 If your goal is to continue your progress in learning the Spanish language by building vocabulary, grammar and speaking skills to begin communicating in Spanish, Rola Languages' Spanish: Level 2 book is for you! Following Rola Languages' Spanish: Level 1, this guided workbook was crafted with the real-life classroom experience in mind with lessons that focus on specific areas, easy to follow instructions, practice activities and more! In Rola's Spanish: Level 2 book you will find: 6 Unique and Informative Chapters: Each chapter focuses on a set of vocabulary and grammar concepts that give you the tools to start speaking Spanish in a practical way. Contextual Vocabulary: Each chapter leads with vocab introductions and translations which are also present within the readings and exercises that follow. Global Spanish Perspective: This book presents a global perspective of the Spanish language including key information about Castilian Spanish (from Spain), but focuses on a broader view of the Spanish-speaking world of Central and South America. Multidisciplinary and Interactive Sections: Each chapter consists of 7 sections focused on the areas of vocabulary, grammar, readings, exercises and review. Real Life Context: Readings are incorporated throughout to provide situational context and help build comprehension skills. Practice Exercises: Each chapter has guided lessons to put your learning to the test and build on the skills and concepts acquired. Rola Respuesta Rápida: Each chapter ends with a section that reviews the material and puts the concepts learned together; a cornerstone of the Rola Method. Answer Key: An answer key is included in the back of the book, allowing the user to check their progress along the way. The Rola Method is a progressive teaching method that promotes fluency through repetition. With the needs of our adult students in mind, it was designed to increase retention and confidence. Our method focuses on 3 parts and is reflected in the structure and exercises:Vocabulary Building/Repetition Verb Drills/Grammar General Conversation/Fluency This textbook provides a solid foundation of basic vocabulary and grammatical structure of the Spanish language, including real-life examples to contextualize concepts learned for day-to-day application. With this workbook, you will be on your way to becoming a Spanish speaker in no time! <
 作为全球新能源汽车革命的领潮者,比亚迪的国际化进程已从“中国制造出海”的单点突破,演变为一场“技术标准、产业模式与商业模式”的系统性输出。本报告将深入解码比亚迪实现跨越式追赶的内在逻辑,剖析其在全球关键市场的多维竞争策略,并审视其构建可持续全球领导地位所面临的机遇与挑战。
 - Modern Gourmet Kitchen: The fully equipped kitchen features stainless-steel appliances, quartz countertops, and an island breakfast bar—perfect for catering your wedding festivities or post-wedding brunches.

########

# Aim of the task:
Repeat all of the data exactly as given.

# Solution for this exercise:
 If your goal is to continue your progress in learning the Spanish language by building vocabulary, grammar and speaking skills to begin communicating in Spanish, Rola Languages' Spanish: Level 2 book is for you! Following Rola Languages' Spanish: Level 1, this guided workbook was crafted with the real-life classroom experience in mind with lessons that focus on specific areas, easy to follow instructions, practice activities and more! In Rola's Spanish: Level 2 book you will find: 6 Unique and Informative Chapters: Each chapter focuses on a set of vocabulary and grammar concepts that give you the tools to start speaking Spanish in a practical way. Contextual Vocabulary: Each chapter leads with vocab introductions and translations which are also present within the readings and exercises that follow. Global Spanish Perspective: This book presents a global perspective of the Spanish language including key information about Castilian Spanish (from Spain), but focuses on a broader view of the Spanish-speaking world of Central and South America. Multidisciplinary and Interactive Sections: Each chapter consists of 7 sections focused on the areas of vocabulary, grammar, readings, exercises and review. Real Life Context: Readings are incorporated throughout to provide situational context and help build comprehension skills. Practice Exercises: Each chapter has guided lessons to put your learning to the test and build on the skills and concepts acquired. Rola Respuesta Rápida: Each chapter ends with a section that reviews the material and puts the concepts learned together; a cornerstone of the Rola Method. Answer Key: An answer key is included in the back of the book, allowing the user to check their progress along the way. The Rola Method is a progressive teaching method that promotes fluency through repetition. With the needs of our adult students in mind, it was designed to increase retention and confidence. Our method focuses on 3 parts and is reflected in the structure and exercises:Vocabulary Building/Repetition Verb Drills/Grammar General Conversation/Fluency This textbook provides a solid foundation of basic vocabulary and grammatical structure of the Spanish language, including real-life examples to contextualize concepts learned for day-to-day application. With this workbook, you will be on your way to becoming a Spanish speaker in no time! <
 作为全球新能源汽车革命的领潮者,比亚迪的国际化进程已从“中国制造出海”的单点突破,演变为一场“技术标准、产业模式与商业模式”的系统性输出。本报告将深入解码比亚迪实现跨越式追赶的内在逻辑,剖析其在全球关键市场的多维竞争策略,并审视其构建可持续全球领导地位所面临的机遇与挑战。
 - Modern Gourmet Kitchen: The fully equipped kitchen features stainless-steel appliances, quartz countertops, and an island breakfast bar—perfect for catering your wedding festivities or post-wedding brunches.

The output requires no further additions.